EXERCISE GOAL: Only these lines, please: the first one of the records through the one containing "L 허리 36 힙 51 밑위 30.5 허벅지 31 밑단 34 총장 106", retyped exactly, both ends included and pictures omitted.

DATASET ENTRIES:
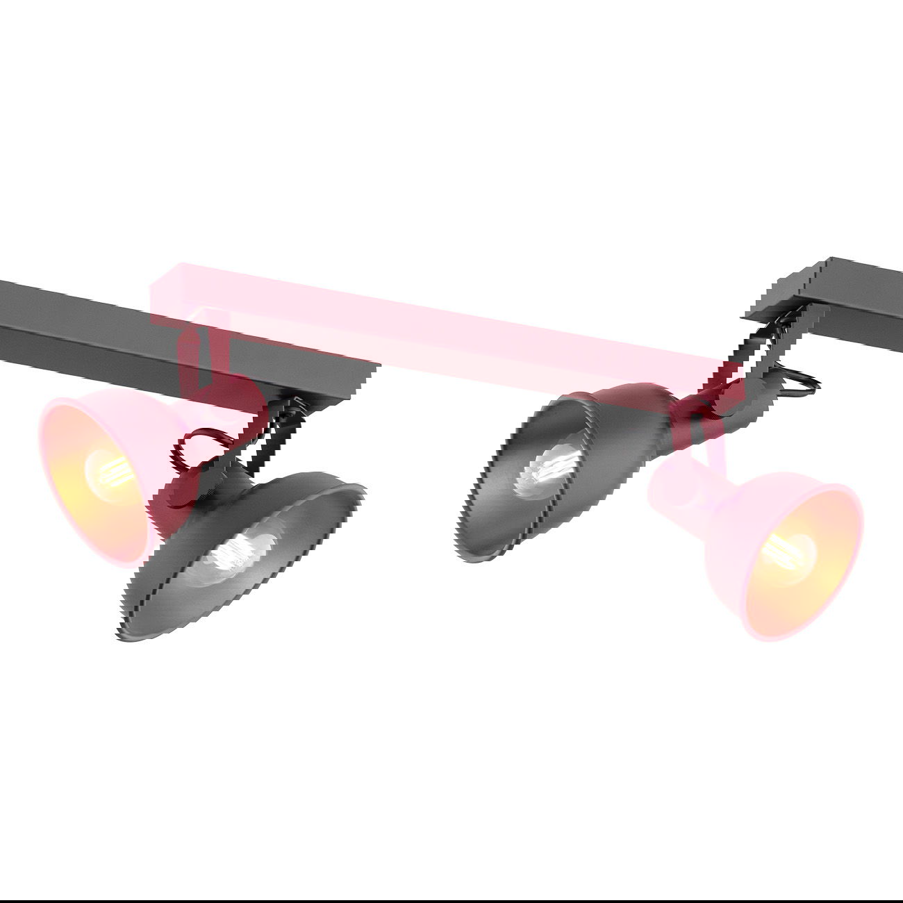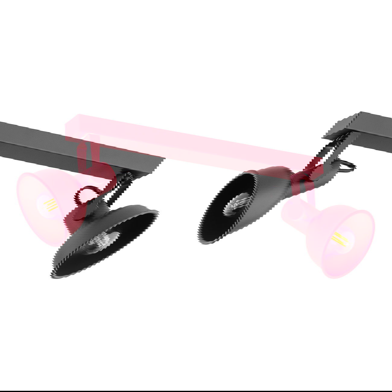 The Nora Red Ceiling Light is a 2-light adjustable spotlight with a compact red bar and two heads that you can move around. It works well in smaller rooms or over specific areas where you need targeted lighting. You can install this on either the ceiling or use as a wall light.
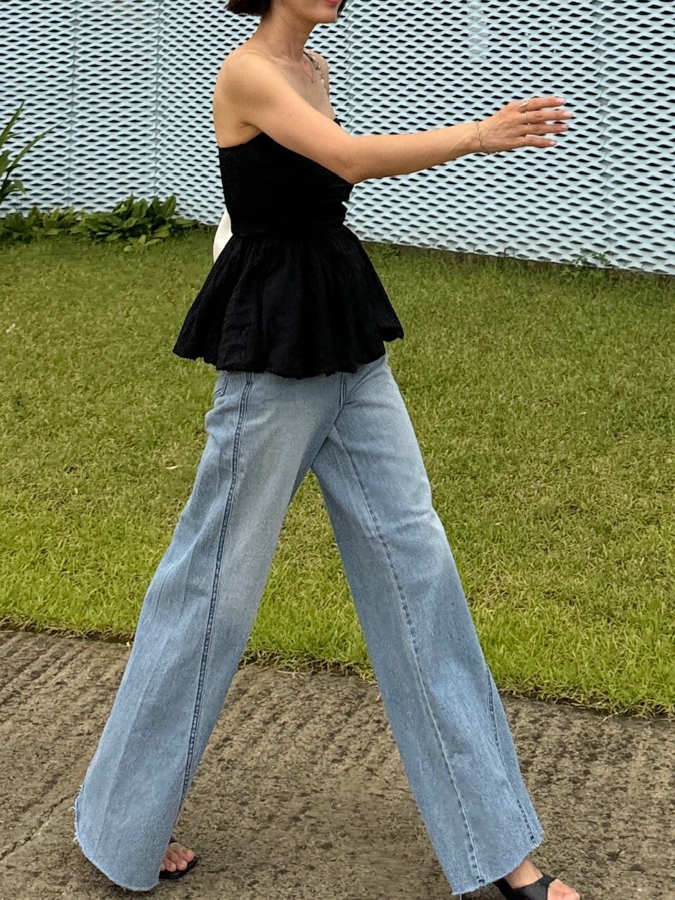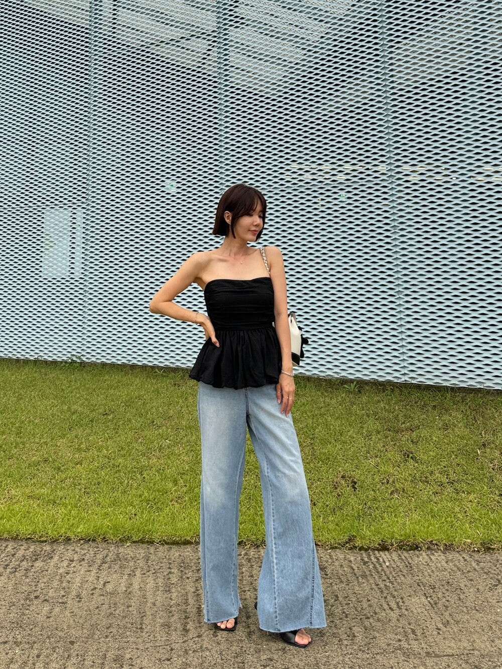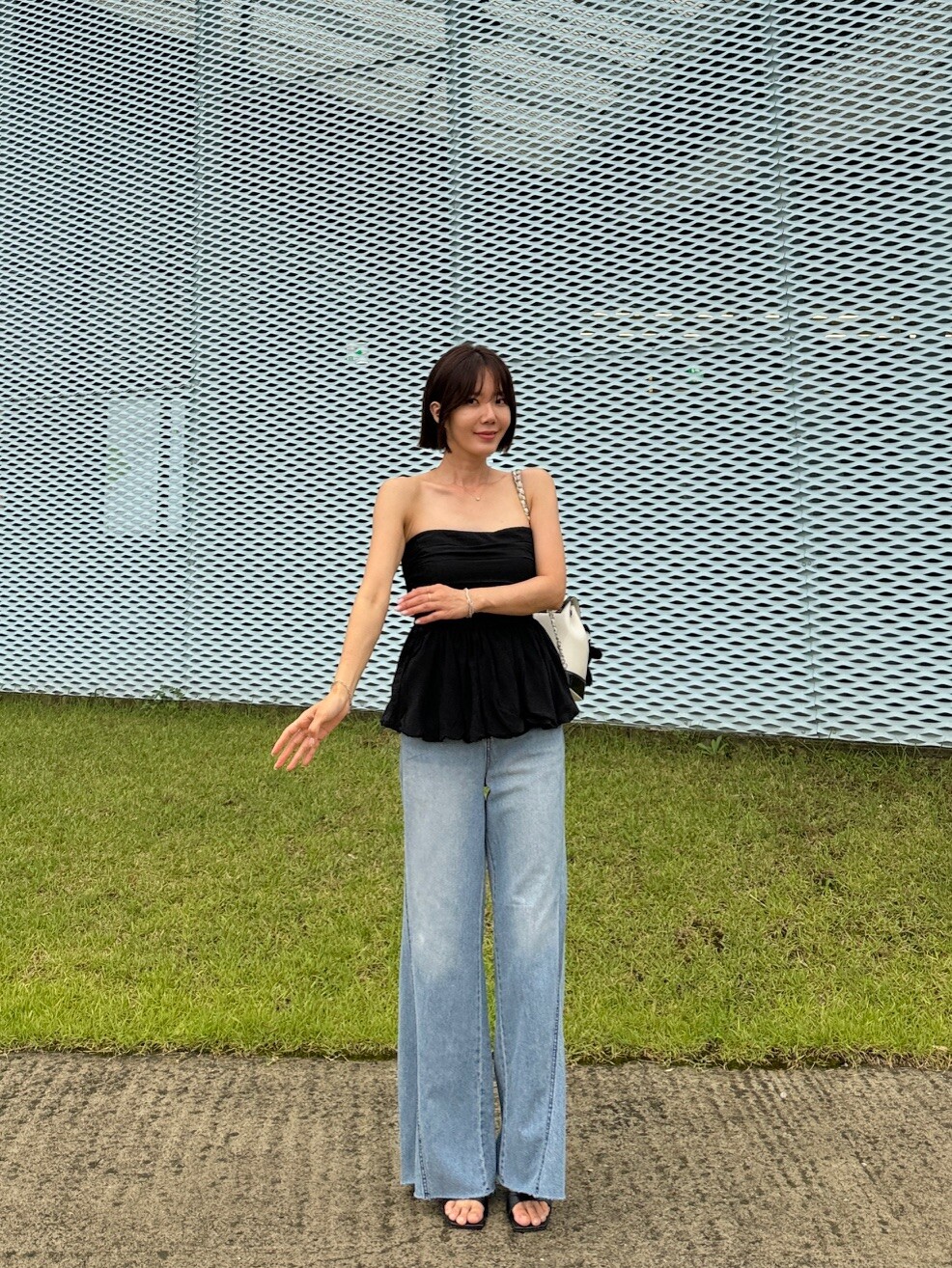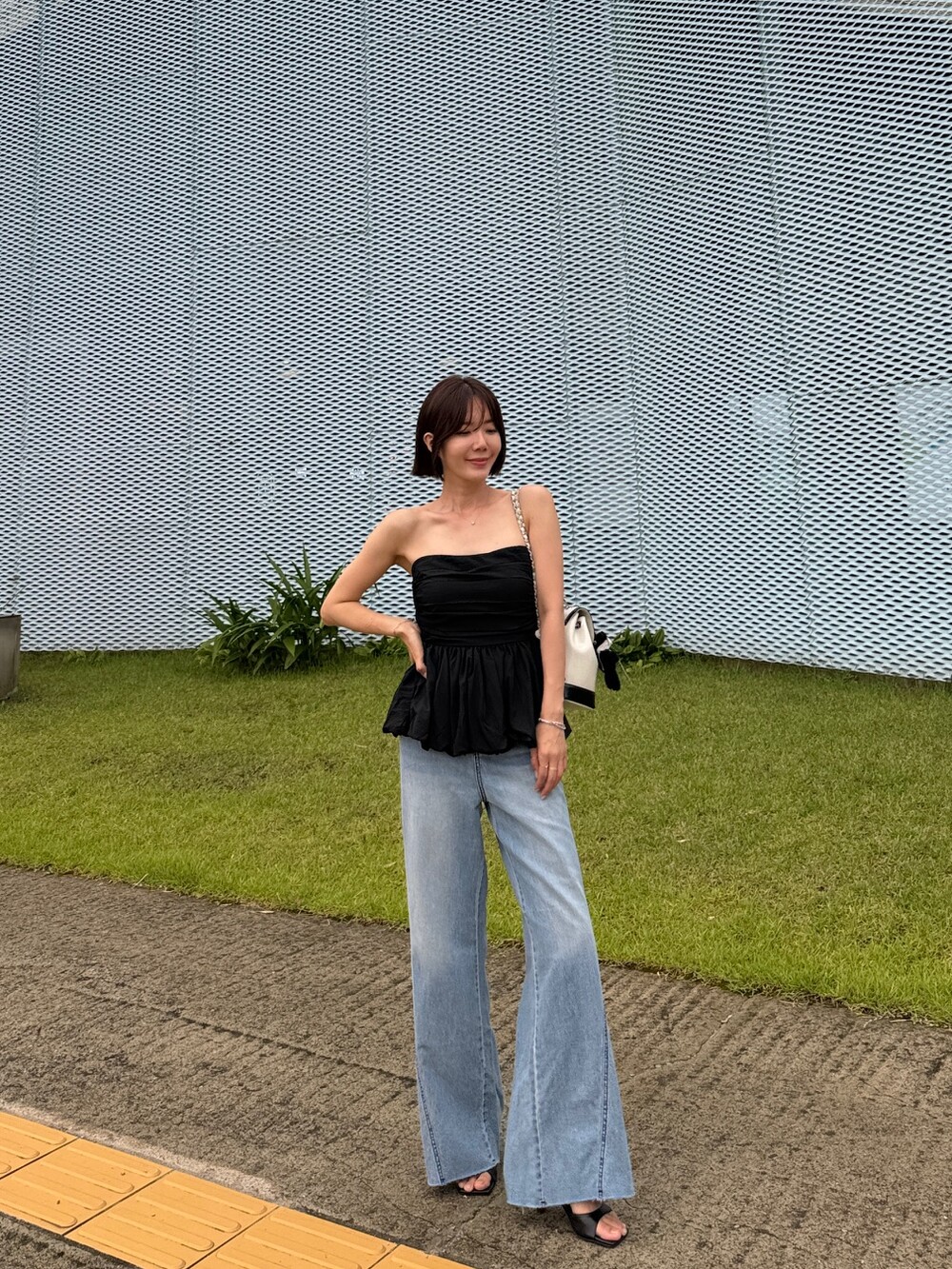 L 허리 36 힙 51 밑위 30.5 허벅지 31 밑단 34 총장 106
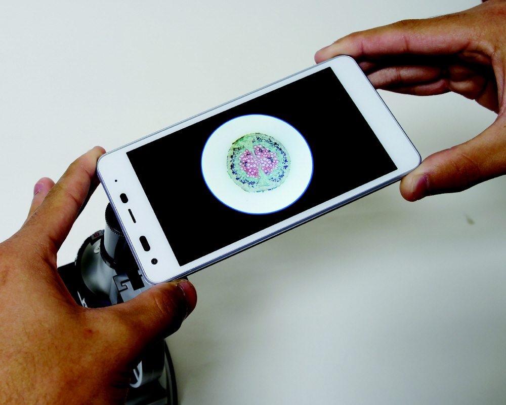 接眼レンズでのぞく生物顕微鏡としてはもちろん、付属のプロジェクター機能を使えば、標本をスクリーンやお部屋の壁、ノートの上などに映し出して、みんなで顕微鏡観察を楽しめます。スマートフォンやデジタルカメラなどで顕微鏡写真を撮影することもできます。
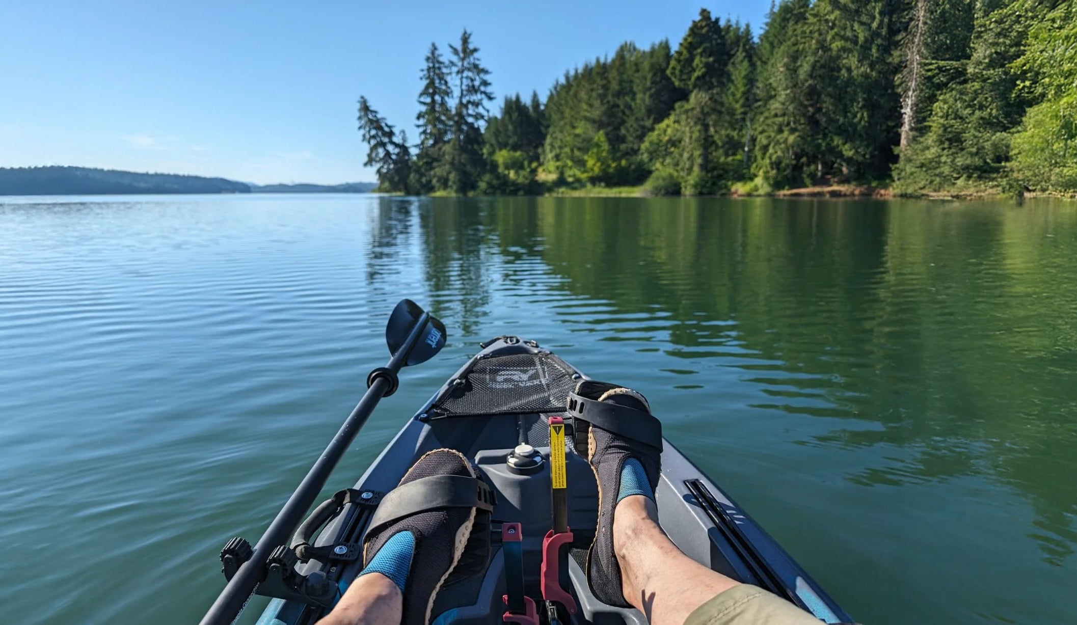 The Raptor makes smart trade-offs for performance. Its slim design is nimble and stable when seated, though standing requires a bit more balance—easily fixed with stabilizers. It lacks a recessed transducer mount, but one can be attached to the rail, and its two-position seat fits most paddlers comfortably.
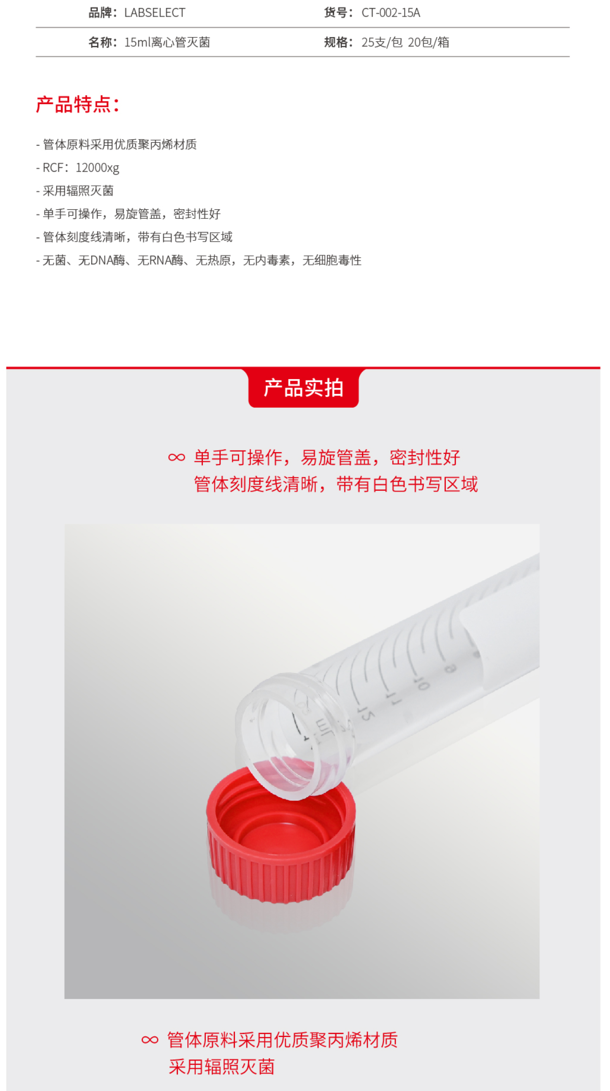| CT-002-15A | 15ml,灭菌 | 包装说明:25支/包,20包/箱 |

YOUR RESPONSE:
 The Nora Red Ceiling Light is a 2-light adjustable spotlight with a compact red bar and two heads that you can move around. It works well in smaller rooms or over specific areas where you need targeted lighting. You can install this on either the ceiling or use as a wall light.
 L 허리 36 힙 51 밑위 30.5 허벅지 31 밑단 34 총장 106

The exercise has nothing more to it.